Originally Posted by estarzinger
We carried 3 sizes of stay sails
. . . A "max size" one, an ORC sized one, and a tiny one. We switched from max size to ORC at about 40 kts. This ability to fly exactly the right sail is one of two reasons we had hank on stay sails
and not roller furling
. The other reason is it allows the stay to be removable (brought back to the mast) which greatly improves tacking efficiency.

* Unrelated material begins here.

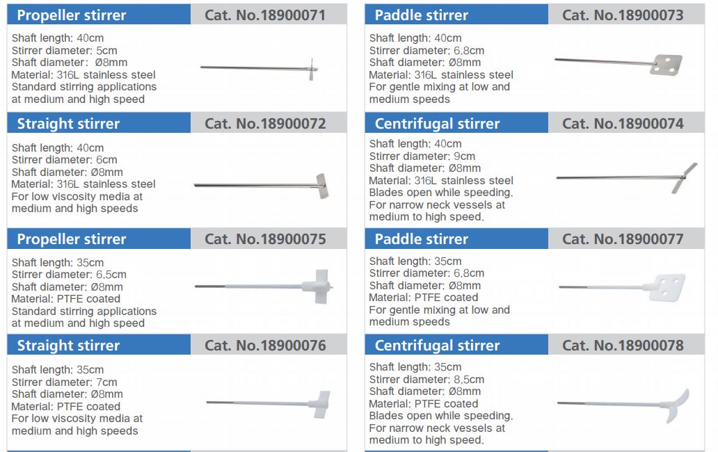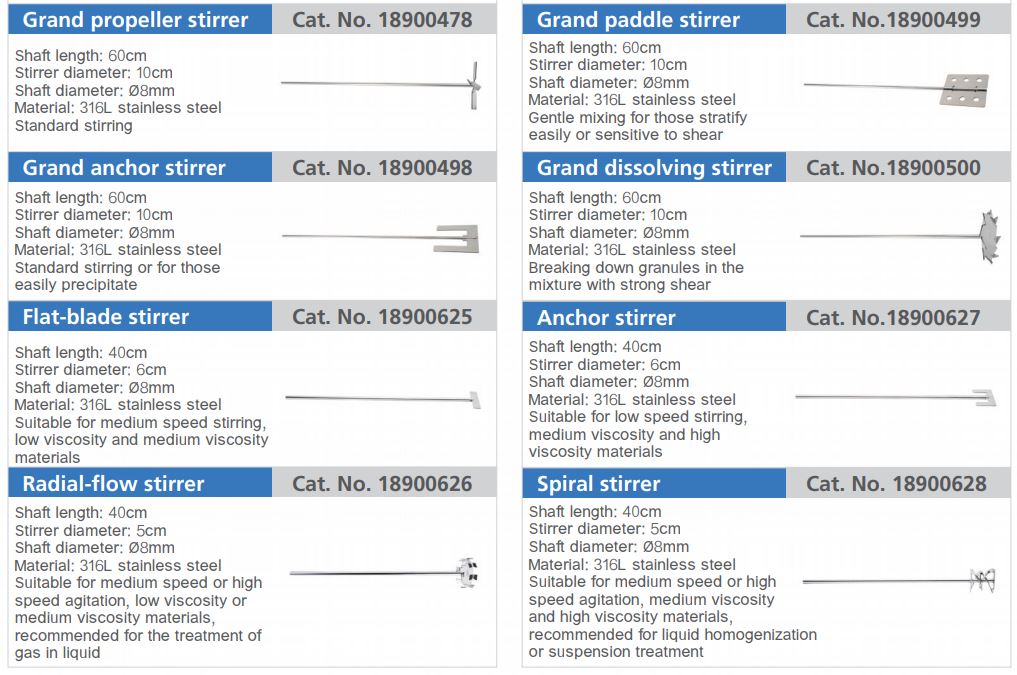 หัวปั่นสำหรับเครื่องปั่นสารละลายความเร็วสูงแบบตั้งโต๊ะ เลือกการใช้งานตามปริมาตรและชนิดของตัวอย่าง โดยมีรายละเอียดดังภาพ

I believe ProFurl if not other mfgs. make a roller furler
that is actually detachable/removable. I looked into it at one point for my removable inner forestay but ultimately decided to stick with my hank-on storm staysail & (what I call) my 'storm jib' (probably more accurately called a tiny staysail as you suggest) that is deployed on this same inner forestay. Pros & cons of both but, like you, I like the option of different sizes of heavy weather
sails. Before going offshore
I always deploy the inner stay, partially hank the staysail on, and leave the rest of the sail in the bag securely lashed so it minimizes time spent forward should the staysail need to be deployed. If sailing inland waters with a favorable forecast
, I have the option of flying the 130% genoa
w/o the hassle of tacking it through a permanently attached inner forestay. So far it's all worked as advertised.

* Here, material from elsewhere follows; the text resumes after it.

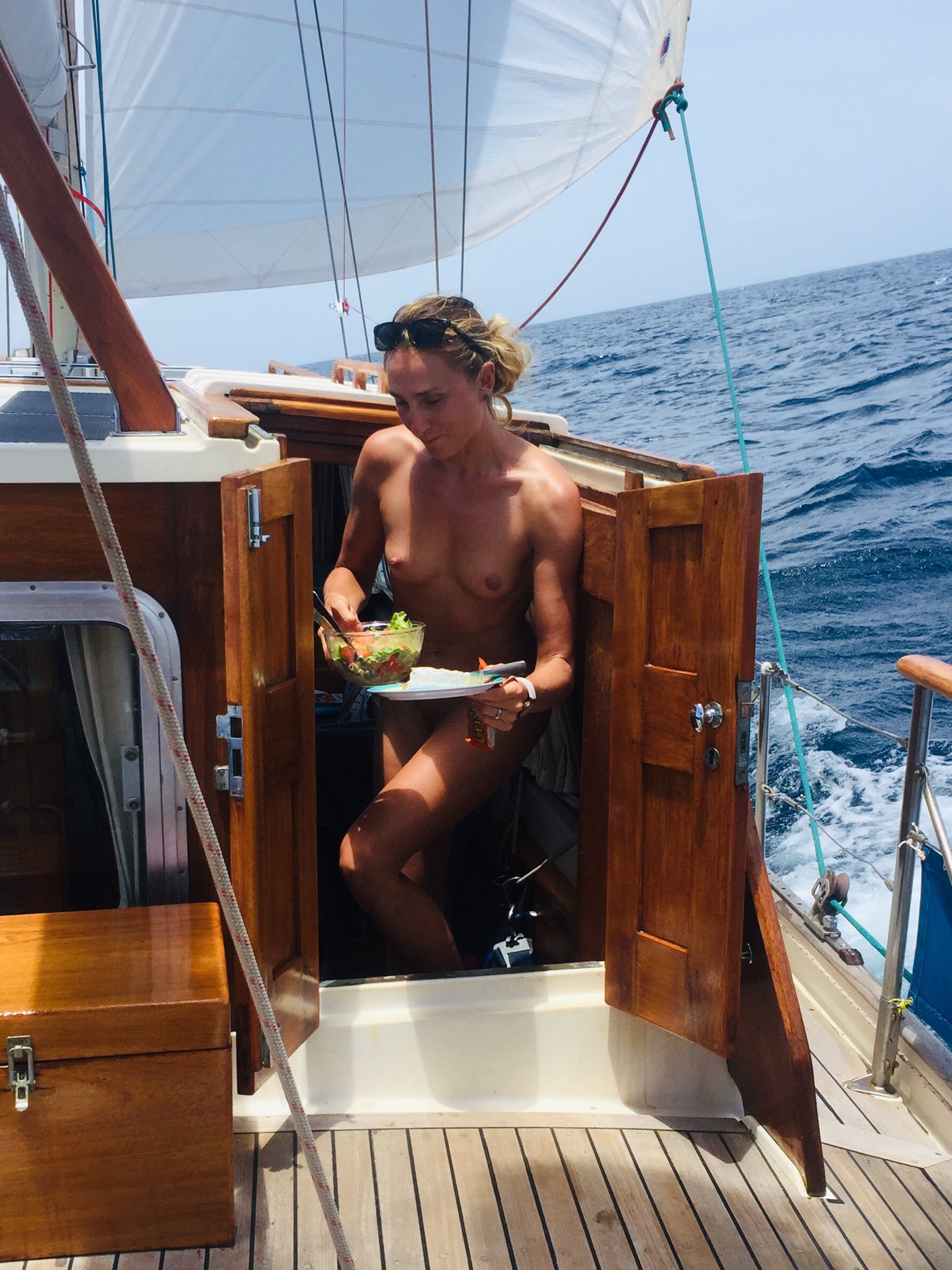 Nude on sailboat

I have never tried using my staysail simultaneous with my 110% Yankee jib
as discussed in the thread linked above. I guess that would make the boat a 'double-headsailed sloop' according to some. Between the relatively forward position of the mast
, the heavier cloth & relatively small size of the staysail, along with my winch
configuration, it always seemed to me that the boat was designed more as a sloop
rig with good heavy weather
options vs. what is commonly referred to as a 'cutter.' I suppose I should try it one of these days and see if I pick up that 1/2 knot
people write about. My guess is that it's not as efficient as running the Yankee alone, at least with my rig configuration.